I will also quote a few passages from one of the tour-stop reviews because it was the only one I read that had anything negative to say about GS3.  James Lardner’s Washington Post notice was generally laudatory, especially regarding Pat Carroll’s performance (the piece’s headline was: “On Stage: Fierce, Convincing ‘Gertrude Stein.’”)

The WaPo reviewer, who saw the show at Washington’s Arena Stage two months after it left the Provincetown, found that Martin’s script “succeeds in making Stein an absorbing and sympathetic figure,” but “is much less successful in its structure and selection of material.”

Carroll is constantly forced to jump from one subject to another . . . .  And there is no compelling dramatic reason behind Stein’s speaking to us from the mid-1930s: The story doesn’t build to any ’30s climax, and indeed sweeps through the ’20s . . . with alarming briskness.

Lardner, however, immediately returned to his complimentary assessment of the play, which he dubbed “a highly entertaining excursion to a unique time and place,” and especially Carroll’s acting, which, he proclaimed “is the bottom-line reason to see this show.”

In Carroll’s bio in the Gertrude Stein Gertrude Stein Gertrude Stein program, the actress made a statement, part of which the Variety reviewer quoted.  The rest of Carroll’s thought reads: “personalizing history through Gertrude Stein is a fantasy come true.”  I’m thrilled that it did and I got to share in it.  It’s remained indelibly engraved on my memory for 43 years . . . and counting.

[Thinking about the possibility of other negative reviews of Gertrude Stein Gertrude Stein Gertrude Stein aside from a brief passage in the Washington Post notice, I wondered what John Simon might have written in New York magazine.  In my original searches, I never found a New York review, so I made a search specifically directed at finding one.

[It looks as if Simon may not have written a full review, but penned the blurb New York used in its theater listing for GS3.  It doesn't have his name attached, but it sounds like him and the abstract/citation on one database points to it if you look for “John Simon” and "Pat Carroll." 

[(Wouldn’t you know that the first use of the blurb in question—there was another text in the theater guide in earlier issues—appears in an issue that follows one that’s missing from the database of complete issues.  If there was a full review from which the blurb was excerpted, the frequent practice, it'd probably be in that missing issue.  I’ll try to remember to check in a library my next opportunity.)

[So, to complete the record, here’s what the “anonymous” critiquer of New York magazine said about Gertrude Stein Gertrude Stein Gertrude Stein:

The Gertrude Stein that emerges is, unlike the title, far from triple—only a third.  She is less formidable, much more easygoing than the original.  The comedienne Pat Carroll plays her heroine with verve, variety, and finesse, but Marty Martin’s monodrama simplifies, falsifies, and vulgarizes the life and times and works of Ms.

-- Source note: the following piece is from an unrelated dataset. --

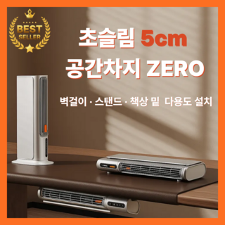 웜핏 초슬림 3in1 저소음 벽걸이 온풍기 PTC 스탠드 가정용 사무실 캠핑 전기히터, 실버

Stein.

[Assuming this is John Simon, I’m not sure how he would know “the original” Gertrude Stein—though he was 20 when she died.  I don’t know, though, that he was in Paris at the time.  We’ve heard in the testimony of people who knew, or at least met, her, that Stein presented a different face in person and in private than she did in her writing. 

[Besides, as Carroll and Martin both repeated, GS3 isn’t a history lesson, it’s theater.  It isn’t presenting historical truth, but theatrical truth—and, however the New York reviewer felt about Martin’s dramaturgy, he praised Carroll’s acting.]